If the C-function sampling step is much smaller than this maximum distance, one may be tempted to use as many fit points as possible, to suppress the effect of random errors, but this makes sense only if the random error on adjacent C-function values is statistically independent; that may be the case, approximately, in the standard method where the C-function sampling is tied to the observed wavelength bin, but it can hardly be true with the velocity-space methods, which refine the velocity step to a fraction of the value corresponding to the observed wavelength-bin width. Moreover, if the model does not match the intrinsic (i.e. noise-free) shape of the C-function, systematic deviations between those two will gain influence when fit points farther away from the extremum are used.

As a general rule, assuming we do not know the exact shape of the C-function, we thus find that it is best to use the simplest possible model (i.e. a parabola) and the minimal number of fit points (i.e. 3), unless there is clear evidence indicating otherwise; this conclusion fully agrees with the results of Allende Prieto (2007). The MME in this case, assuming the C-function is locally symmetric, is discussed in Appendix C.1.

One may object to the use of a parabola because this is a symmetric function while the velocity-space C-functions are slightly asymmetric so that we would knowingly cause a MME. However, the random error on the C-function samples generally introduces a much stronger asymmetry, so that the use of e.g. a third-degree polynomial would mean that the model will mainly pick up noise effects, degrading the actual position measurement (cf. Allende Prieto 2007). If there is a compelling reason to allow some asymmetry in the model, one should use at least a polynomial of even degree (Verschueren & David 1999).

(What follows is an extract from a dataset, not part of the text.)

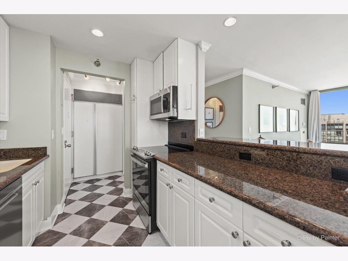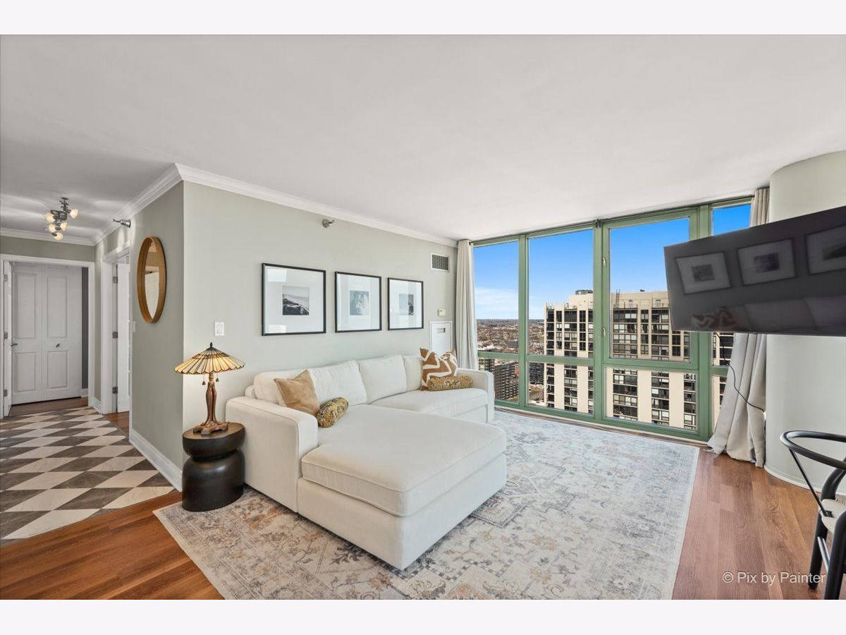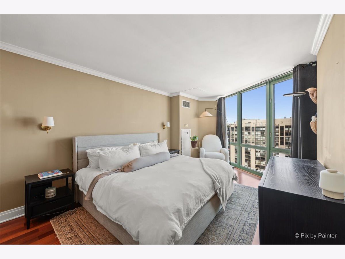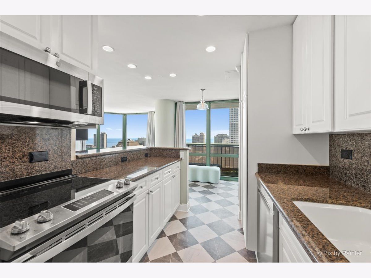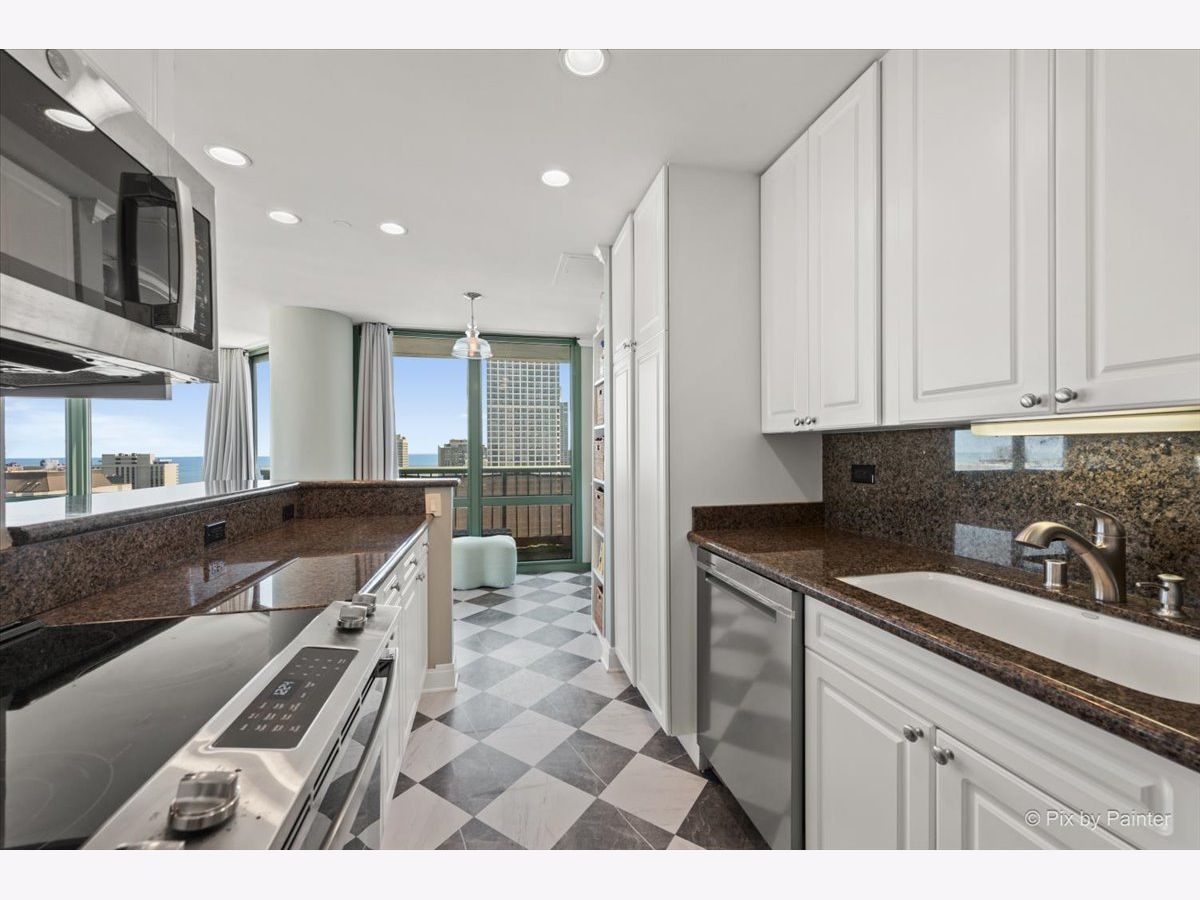 Stunning, penthouse 2-bedroom, 2-bath corner residence offering breathtaking lake and city views from every room. Enjoy the peace and privacy of a quiet top-floor location with no neighbors above. The home features a spacious private balcony, floor-to-ceiling windows, hardwood floors, crown molding throughout, and marble flooring in the kitchen and baths. The kitchen is beautifully appointed with granite countertops, a Sub-Zero refrigerator, and stainless steel appliances. Additional highlights include an in-unit washer and dryer and generous closet space. Full-service building amenities include 24-hour door staff, sundeck, and health club access. Unbeatable location just moments from the lakefront, public transit, dining, shopping, and nightlife.

On the other hand, knowing that the use of a parabola for centroiding an asymmetric C-function may thus cause a somewhat larger MME than the basic one discussed in Appendix C.1, we need a way to check whether it is in fact still negligible in a given situation. Therefore in Appendix C.2 we derive (under fairly mild conditions) an upper bound for this error.

4. Template mismatch error

4.1. General remarks

The template used for measuring the RV of a given single star, is derived from a synthetic spectrum, selected from a library using the object’s atmospheric parameters and rotationally broadened with an estimate of the object’s vsini.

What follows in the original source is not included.